La empresa Transportadora de Gas del Sur (TGS) anunció una inversión cercana a los 2.900 millones de dólares para ampliar su infraestructura y potenciar el procesamiento de hidrocarburos provenientes del principal yacimiento no convencional del país. La iniciativa apunta a mejorar la capacidad industrial para aprovechar el gas de Vaca Muerta y convertirlo en productos con mayor valor agregado.
El plan contempla una serie de obras estratégicas que permitirán resolver uno de los principales desafíos que enfrenta hoy la producción de Vaca Muerta: la necesidad de ampliar la infraestructura para procesar los gases asociados al petróleo y al gas natural. El proyecto incluye nuevas instalaciones de procesamiento en la planta de Tratayén, en la provincia de Neuquén, la construcción de un poliducto que conectará esa zona con la ciudad de Bahía Blanca y la instalación de nuevas plantas industriales para fraccionamiento y almacenamiento.

TGS anunció una inversión cercana a los 2.900 millones de dólares. Fuente: (X)
El anuncio fue presentado en el marco de la Argentina Week que se desarrolla en Nueva York. Allí, el empresario Marcelo Mindlin, presidente y CEO de Pampa Energía, compañía que posee la participación mayoritaria en TGS, confirmó que se trata de la mayor inversión en la historia del tratamiento de líquidos del gas en el país.
La iniciativa tendrá como objetivo industrializar los hidrocarburos derivados del gas natural, como el etano, el butano y el propano. Estos productos surgen del procesamiento del gas extraído de Vaca Muerta y pueden destinarse tanto al consumo interno como a la exportación, generando nuevas oportunidades de negocios para el sector energético argentino.

La iniciativa tendrá como objetivo industrializar los hidrocarburos derivados del gas natural.
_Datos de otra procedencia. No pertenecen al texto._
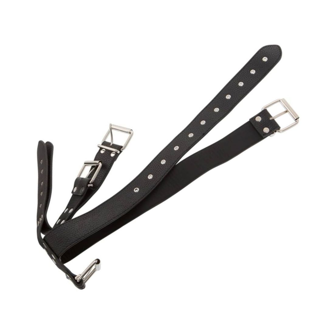 Beneficii și atribute: - Reglaj modest cu catarame pentru potrivire precisă - Două cătușe alipite individual pe banda din posterior pentru organizare eficientă - Material fără greutate de întreținut: poliuretan (piele sintetică) și elemente metalice - Spate consolidat cu nituri pentru durabilitate și stabilitate - Design discret, potrivit pentru utilizare controlată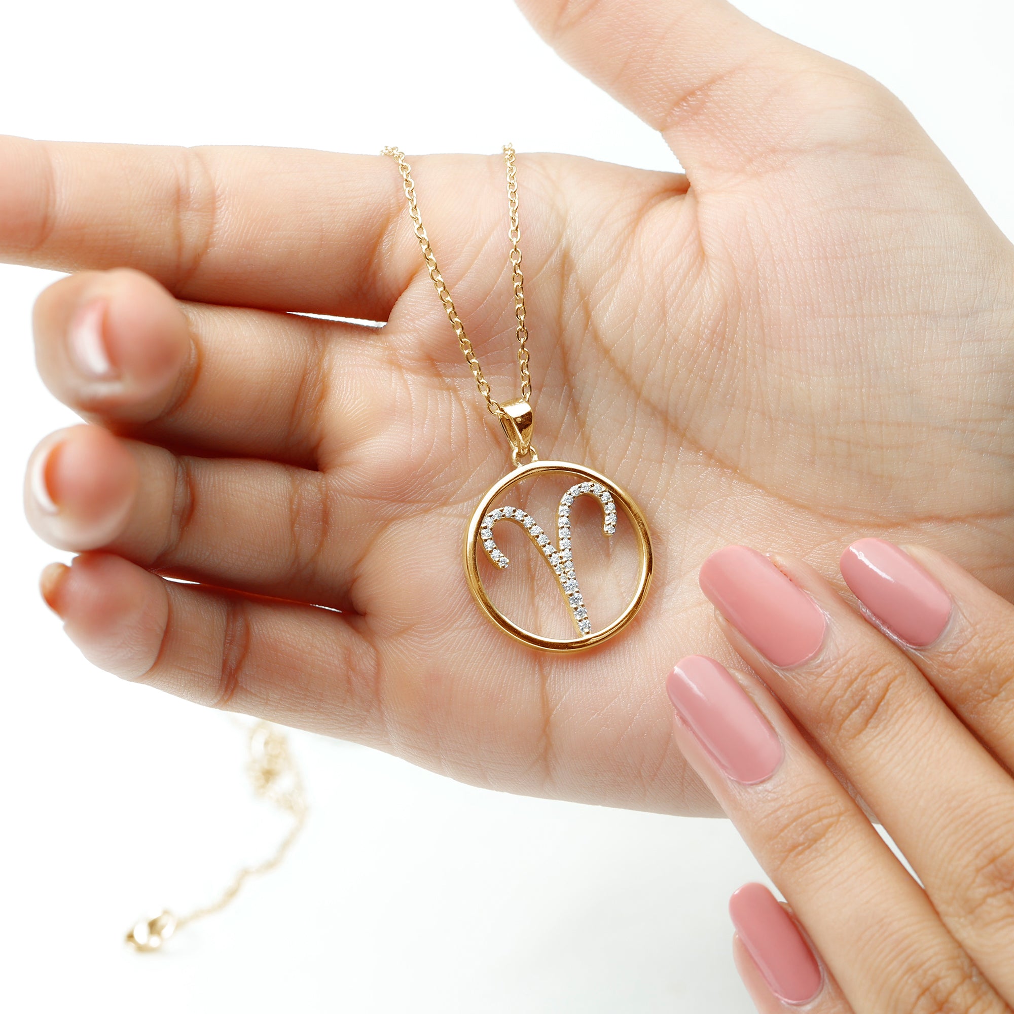 Certified Moissanite Aries Zodiac Sign Pendant Necklace
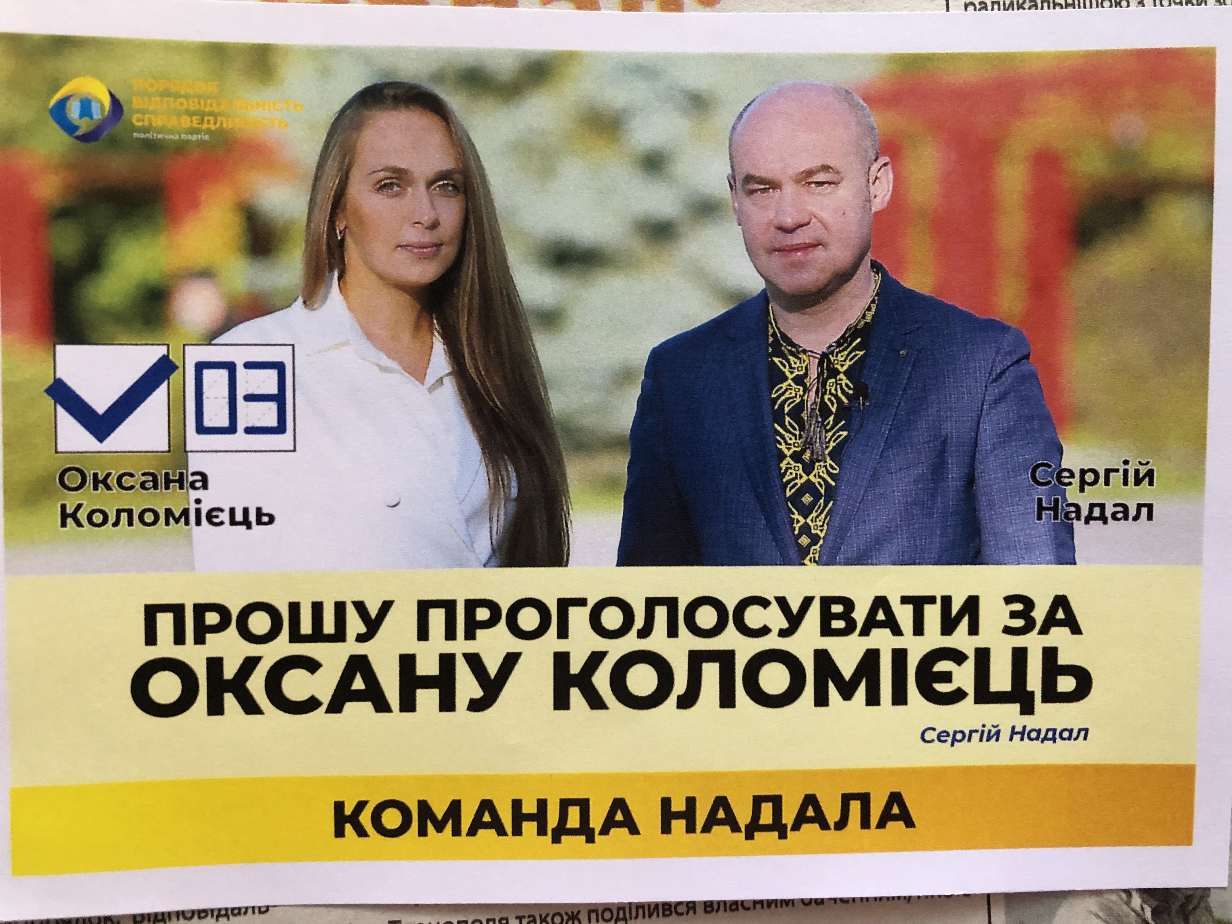 Крім цього люди, які принесли набір дали газету партії «Порядок. Відповідальність. Справедливість» та агітку кандидатки у депутати до Тернопільської міської ради від цієї політичної сили Оксани Коломієць, вказавши, що це кандидатка закупила такі аптечки для виборців.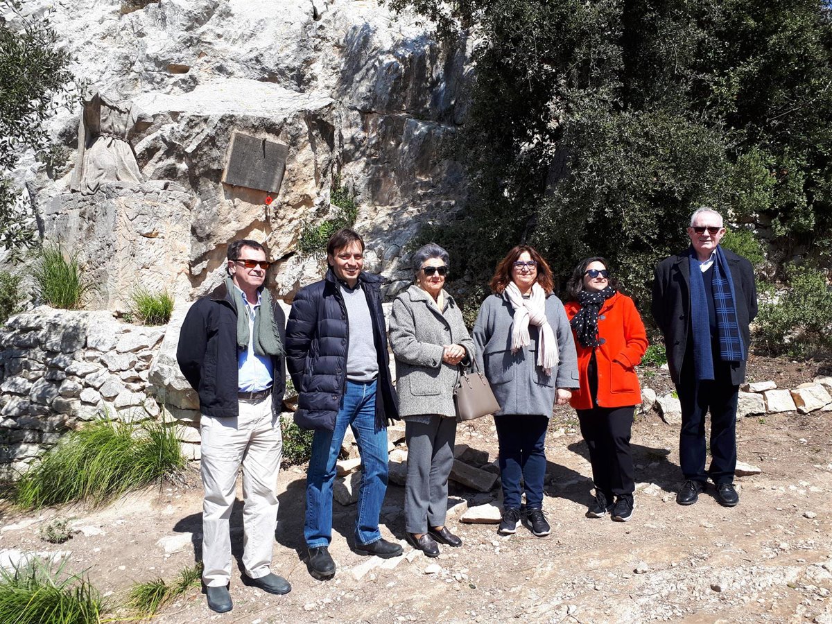 El vicepresidente y conseller insular de Cultura, Patrimonio y Deportes, Francesc Miralles; la alcaldesa de Algaida, Maria Antònia Mulet, y la propiedad de los terrenos donde se ubica la cueva han firmado un convenio de colaboración para llevar a cabo la rehabilitación de este espacio. Hoy, las tres partes firmantes se han encontrado en Randa.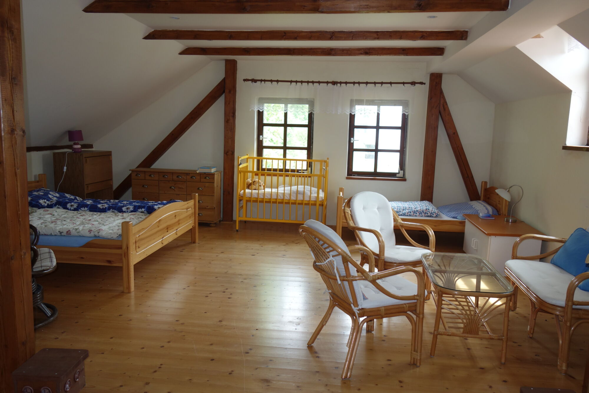 K pronajmutí jsou celkem 4 apartmány s kapacitou 2x5 osob, 1x4 osoby a 1x2 osoby. Můžete si pronajmout jen jeden apartmán nebo se domluvit více rodin, obsadit všechny apartmány a užít si dovolenou ve své partě.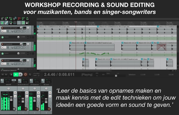 Ben je singer-songwriter en neem je graag je eigen songs op? Dan is deze workshop ook uitermate geschikt voor je om te zorgen dat je snel je opname apparatuur goed hebt ingesteld en je jezelf goed kan foccusen op je performance en dan achteraf met de juiste edit tools je ideeën goed in de balans te zetten en eventueel nog wat kleine verbeteringen aan kunt brengen.
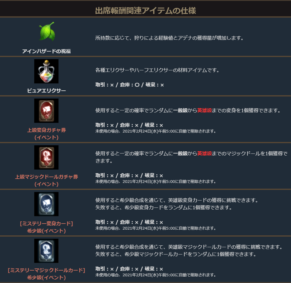 ※一部アイテムが期間終了後も未使用の場合、一定期間が経過すると自動で削除されます。詳しくは各アイテムの詳細をご確認ください。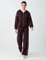 • Bayan Kahverengi Normal Bel Normal Paça Çizgili Örme Jogger Pantolon

Fuente: (X)
Además del impacto productivo, el proyecto promete un fuerte efecto sobre el empleo. Desde el sindicato STIGAS destacaron el potencial de la inversión para generar trabajo en distintas etapas de la obra. El secretario general del gremio, Pablo Van Den Heuvel, valoró el anuncio al considerar que se trata de una iniciativa largamente esperada por el sector industrial y por la ciudad de Bahía Blanca.
Durante la fase de construcción, se estima que el proyecto demandará alrededor de 4.000 empleos directos y unos 15.000 puestos indirectos vinculados a proveedores, contratistas y servicios asociados. El desarrollo completo de las obras podría extenderse durante aproximadamente 45 meses.

Durante la fase de construcción, se estima que el proyecto demandará alrededor de 4.000 empleos directos. Fuente: (X)
Una vez finalizada la construcción y con las plantas en funcionamiento, el complejo industrial requerirá personal permanente para operar las instalaciones. Las estimaciones del sector señalan que la planta podría emplear de forma directa a unos 150 trabajadores, además de generar cientos de puestos indirectos relacionados con mantenimiento, logística y servicios técnicos especializados.